14.2 Neural Networks

┌──────────────────────────────┐
│ Neural Network Math          │
│ - Forward Pass: y = Wx + b  │
│ - Backpropagation           │
│ - Gradient Computation      │
└──────────────────────────────┘
        │
        ├─> Weight Matrices
        ├─> Activation Functions
        ├─> Loss Gradients
        └─> Optimization (SGD, Adam)

Level 15: Applications - Graphics (Requires Level 4, 8)

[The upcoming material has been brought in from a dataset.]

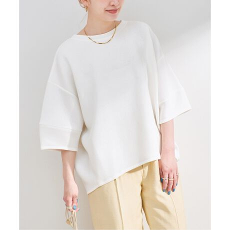着心地:肘が隠れる袖丈ですが素材感軽く、肌離れしたフォルムなので涼しく着られます。ゆとりがあるので寒い時期には重ね着しやすいシルエットで、切り替えによって立体感のあるシルエットが魅力です。

15.1 Geometric Transformations

┌──────────────────────────────┐
│ 2D Transformations           │
│ - Translation               │
│ - Rotation                  │
│ - Scaling                   │
│ - Shearing                  │
└──────────────────────────────┘
        │
        ├─> Homogeneous Coordinates
        ├─> Transformation Matrices
        ├─> Composition
        └─> Inverse Transformations

┌──────────────────────────────┐
│ 3D Graphics                  │
│ - 3D Rotations              │
│ - View Transformations      │
│ - Projection (Orthographic) │
│ - Projection (Perspective)  │
└──────────────────────────────┘
        │
        ├─> Camera Matrices
        ├─> Model-View-Projection
        ├─> Quaternions
        └─> Euler Angles

🔗 Dependency Map Summary

Critical Learning Path

Level 1 (Algebra Review)
    ↓
Level 2 (Vectors - Geometric)
    ↓
Level 3 (Vector Products)
    ↓
Level 4 (Matrices - Basics)
    ↓
Level 5 (Linear Systems)
    ↓
Level 6 (Inverses & Determinants)
    ↓
Level 7 (Vector Spaces) [Theoretical Branch]
    ↓
Level 8 (Linear Transformations)
    ↓
Level 9 (Eigenvalues) ←─────────┐
    ↓                           │
Level 10 (Orthogonality) ───────┤ Can parallelize
    ↓                           │
Level 11 (Inner Products) ──────┘
    ↓
Level 12 (Decompositions)
    ↓
Level 13 (Advanced Theory) ←────┐
    ↓                           │ Can parallelize
Level 14 (ML Applications) ─────┤
    ↓                           │
Level 15 (Graphics Applications)┘

Parallel Learning Opportunities

  • Levels 9, 10, 11 can be learned in parallel after Level 8
  • Level 13 (theory) can parallel with Levels 14-15 (applications)
  • Applications (14-15) depend on decompositions but can be learned in any order

📊 Prerequisite Matrix

Topic Must Know First Can Learn In Parallel
Dot Product Vector basics Cross product
Matrices Vectors -
Matrix Mult Matrix basics Transpose
Linear Systems Matrix multiplication -
Determinants Matrix multiplication Inverses
Inverses Determinants, Systems -
Vector Spaces Linear systems, Span -
Eigenvalues Determinants, Vector spaces -
Orthogonality Dot product, Basis Inner products
SVD Eigenvalues, Orthogonality -
PCA SVD, Statistics basics -

🎯 Learning Strategies

Geometric First, Then Abstract

  1. Start with 2D/3D vectors (can visualize)
  2. Build geometric intuition
  3. Generalize to n dimensions
  4. Then study abstract theory
  5. Apply to real problems

Computation Supports Theory

  1. Solve many numerical examples
  2. Use Python/MATLAB to verify
  3. See patterns emerge
  4. Then learn why (proofs)
  5. Deepen understanding

Applications Motivate Learning

  1. See where linear algebra is used
  2. Understand why we need it
  3. Learn concepts to solve problems
  4. Apply immediately
  5. Build projects

This knowledge graph ensures you build strong foundations before tackling abstract concepts and applications!